Recent generative models have significantly advanced speech restoration tasks, yet their training objectives often misalign with human perceptual preferences, resulting in suboptimal quality. While post-training alignment has proven effective in other generative domains like text and image generation, its application to generative speech restoration remains largely under-explored. This work investigates the challenges of applying preference-based post-training to this task, focusing on how to define a robust preference signal and curate high-quality data to avoid reward hacking. To address these challenges, we propose a multi-metric preference alignment strategy. We construct a new dataset, GenSR-Pref, comprising 80K preference pairs, where each chosen sample is unanimously favored by a complementary suite of metrics covering perceptual quality, signal fidelity, content consistency, and timbre preservation. This principled approach ensures a holistic preference signal. Applying Direct Preference Optimization (DPO) with our dataset, we observe consistent and significant performance gains across three diverse generative paradigms: autoregressive models (AR), masked generative models (MGM), and flow-matching models (FM) on various restoration benchmarks, in both objective and subjective evaluations. Ablation studies confirm the superiority of our multi-metric strategy over single-metric approaches in mitigating reward hacking. Furthermore, we demonstrate that our aligned models can serve as powerful ''data annotators'', generating high-quality pseudo-labels to serve as a supervision signal for traditional discriminative models in data-scarce scenarios like singing voice restoration.

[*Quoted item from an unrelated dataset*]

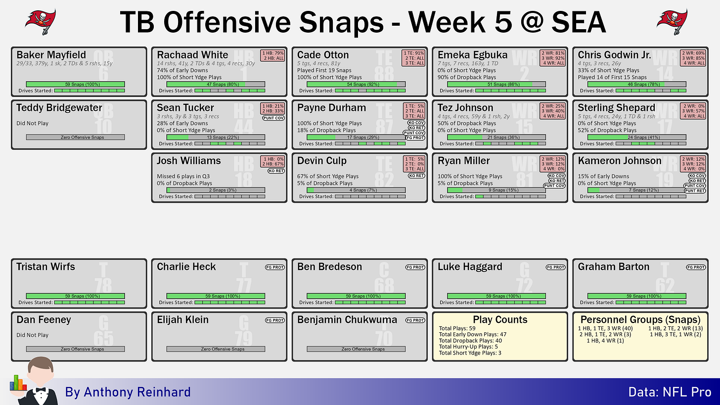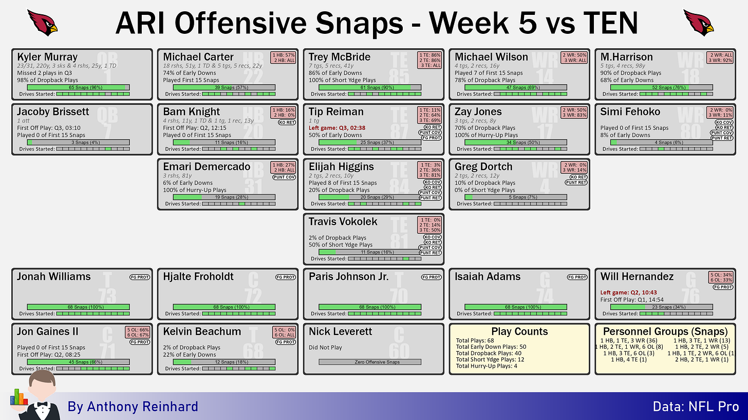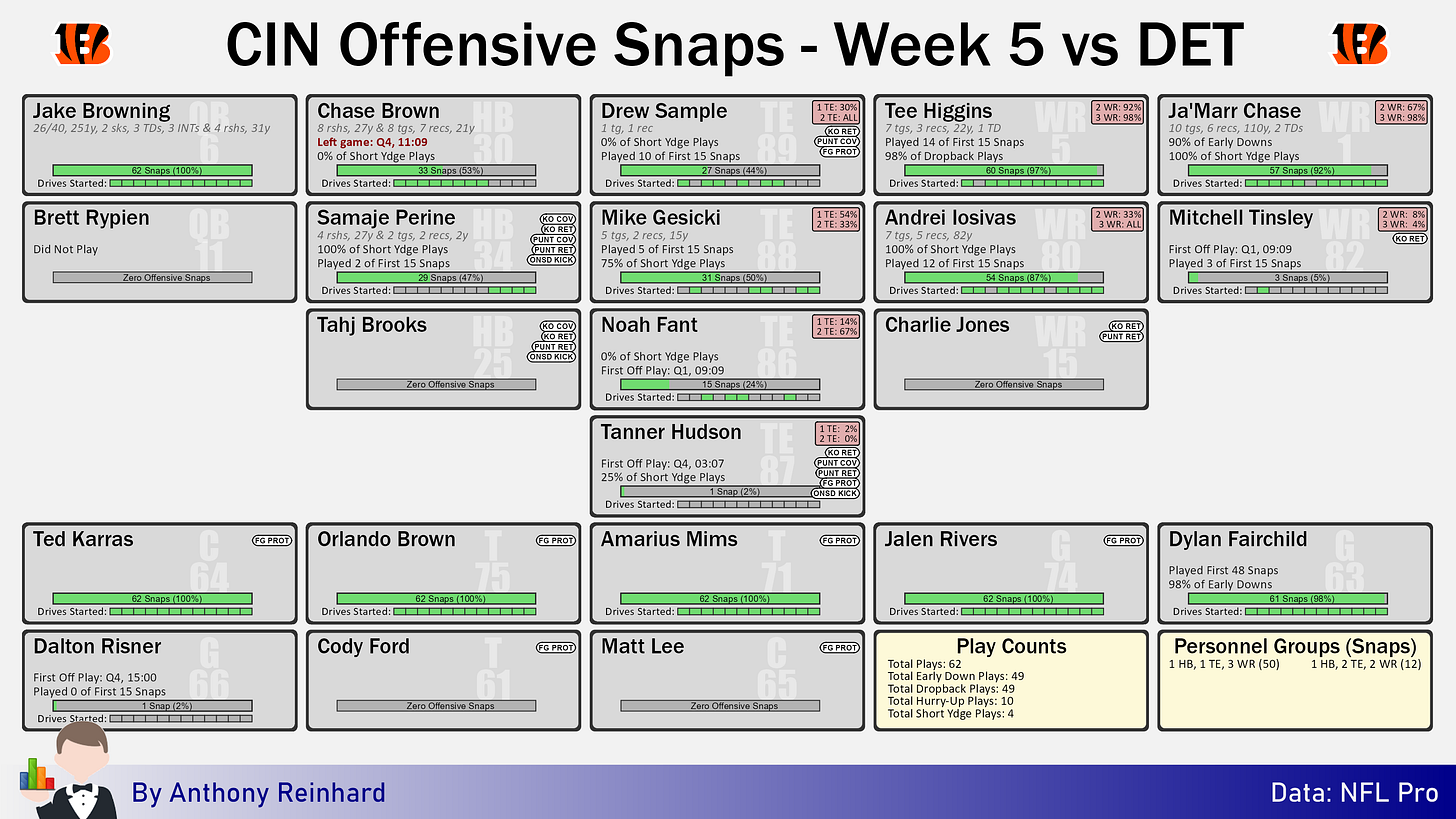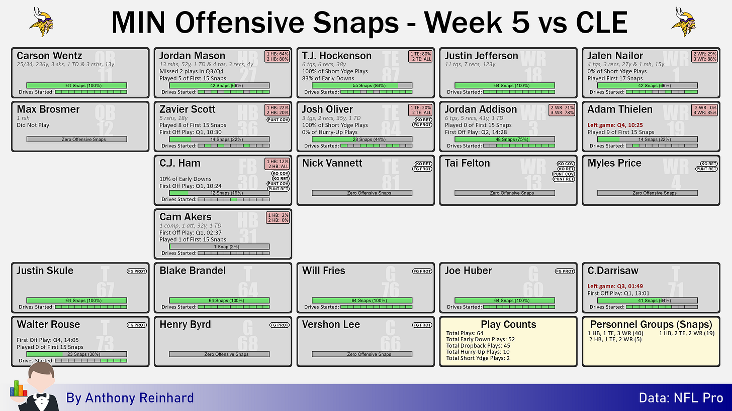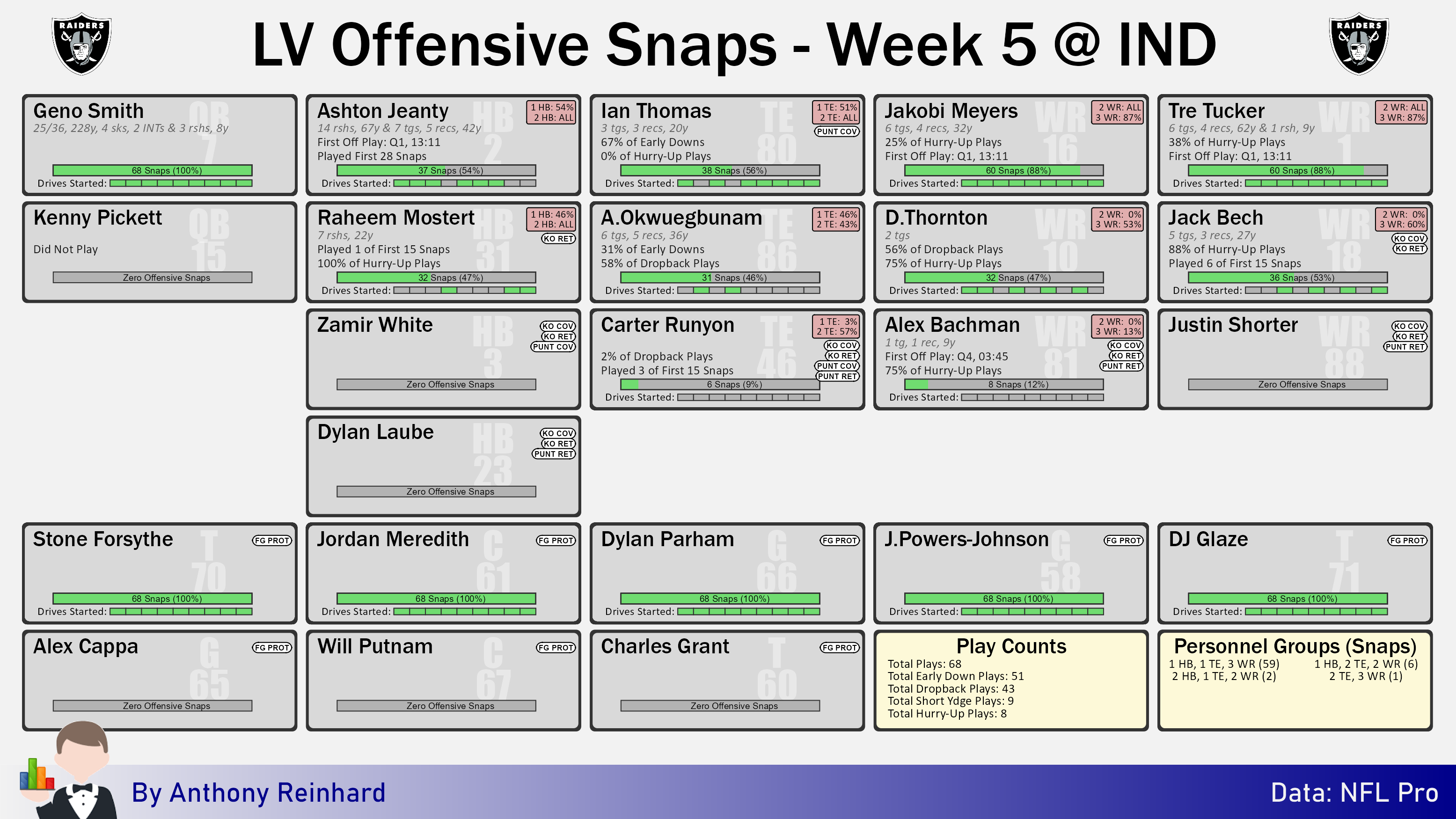 Snap Counts: Week 5Snap Count graphs for each team in Week 5Anthony ReinhardOct 06, 202511ShareThanks for reading!SubscribeSF-LAMIN-CLEHOU-BALMIA-CARLV-INDNYG-NODAL-NYJDEN-PHITEN-ARITB-SEADET-CINWAS-LACNE-BUFComing Soon!KC-JAXComing Soon!Previous

Our approach to aligning generative speech restoration models is centered around a multi-metric preference alignment strategy, which is illustrated above. This strategy involves two key stages: first, the construction of a high-quality preference dataset, and second, the application of Direct Preference Optimization (DPO) to align the model with these preferences. This approach is designed to be model-agnostic, allowing it to be applied to any generative restoration model.

Demo Audio

Autoregressive(AR)

AR models generate clean speech token by token in sequence, optimizing cross-entropy loss over the ground-truth sequence.

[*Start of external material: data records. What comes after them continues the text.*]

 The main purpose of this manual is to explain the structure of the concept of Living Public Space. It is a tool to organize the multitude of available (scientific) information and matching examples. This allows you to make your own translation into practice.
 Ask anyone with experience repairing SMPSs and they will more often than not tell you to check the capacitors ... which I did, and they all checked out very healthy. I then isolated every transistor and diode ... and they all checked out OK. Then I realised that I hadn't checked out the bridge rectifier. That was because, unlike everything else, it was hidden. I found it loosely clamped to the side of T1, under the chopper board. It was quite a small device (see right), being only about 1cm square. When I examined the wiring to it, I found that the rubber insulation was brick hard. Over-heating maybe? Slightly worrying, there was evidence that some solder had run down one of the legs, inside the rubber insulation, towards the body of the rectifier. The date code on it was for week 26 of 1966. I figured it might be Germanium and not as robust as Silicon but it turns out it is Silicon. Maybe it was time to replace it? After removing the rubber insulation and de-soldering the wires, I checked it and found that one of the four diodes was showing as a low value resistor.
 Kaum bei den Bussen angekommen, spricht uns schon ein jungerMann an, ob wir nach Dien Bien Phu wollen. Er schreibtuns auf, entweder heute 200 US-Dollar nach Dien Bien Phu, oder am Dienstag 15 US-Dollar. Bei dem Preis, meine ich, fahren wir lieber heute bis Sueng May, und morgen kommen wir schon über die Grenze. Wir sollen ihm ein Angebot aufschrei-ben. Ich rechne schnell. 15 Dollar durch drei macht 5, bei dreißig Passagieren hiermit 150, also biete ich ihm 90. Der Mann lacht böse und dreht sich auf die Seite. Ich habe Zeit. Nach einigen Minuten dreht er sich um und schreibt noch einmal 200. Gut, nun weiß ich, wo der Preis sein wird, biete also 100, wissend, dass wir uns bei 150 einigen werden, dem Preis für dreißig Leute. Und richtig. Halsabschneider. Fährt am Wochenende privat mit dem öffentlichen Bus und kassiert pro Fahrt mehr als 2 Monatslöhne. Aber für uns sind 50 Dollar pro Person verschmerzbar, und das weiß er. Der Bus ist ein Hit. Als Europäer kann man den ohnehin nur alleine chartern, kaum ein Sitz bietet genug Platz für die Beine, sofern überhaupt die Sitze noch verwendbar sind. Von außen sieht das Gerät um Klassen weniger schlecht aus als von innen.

Noisy	w/ Align	w/o Align	Clean*

* Clean audios contain reverb (DNS focuses solely on denoising, while speech restoration also handle dereverberation)

Noisy	w/ Align	w/o Align	Clean

Noisy	w/ Align	w/o Align	Clean

Masked Generative Model(MGM)

MGM models restore clean speech from partially masked inputs by predicting original tokens, using a masked language modeling objective.

Noisy	w/ Align	w/o Align	Clean*

* Clean audios contain reverb (DNS focuses solely on denoising, while speech restoration also handle dereverberation)

Noisy	w/ Align	w/o Align	Clean

Noisy	w/ Align	w/o Align	Clean

Flow Matching(FM)

FM models learn a velocity field that maps noise to clean speech along a continuous path, minimizing the difference between predicted and true flow directions.

Noisy	w/ Align	w/o Align	Clean*

* Clean audios contain reverb (DNS focuses solely on denoising, while speech restoration also handle dereverberation)

Noisy	w/ Align	w/o Align	Clean

Noisy	w/ Align	w/o Align	Clean

Application: Empowering Discriminative Models via Pseudo-Labeling

To showcase the practical utility of our aligned models, we explore their potential as ''data annotators'' in a scenario where ground-truth is scarce: real-world singing voice restoration. We took a standard discriminative restoration model, Voicefixer, and fine-tuned it on a set of singing recordings. The key difference is that the ''clean'' supervision signals were not ground-truth recordings, but pseudo-labels generated by our DPO-enhanced AnyEnhance model.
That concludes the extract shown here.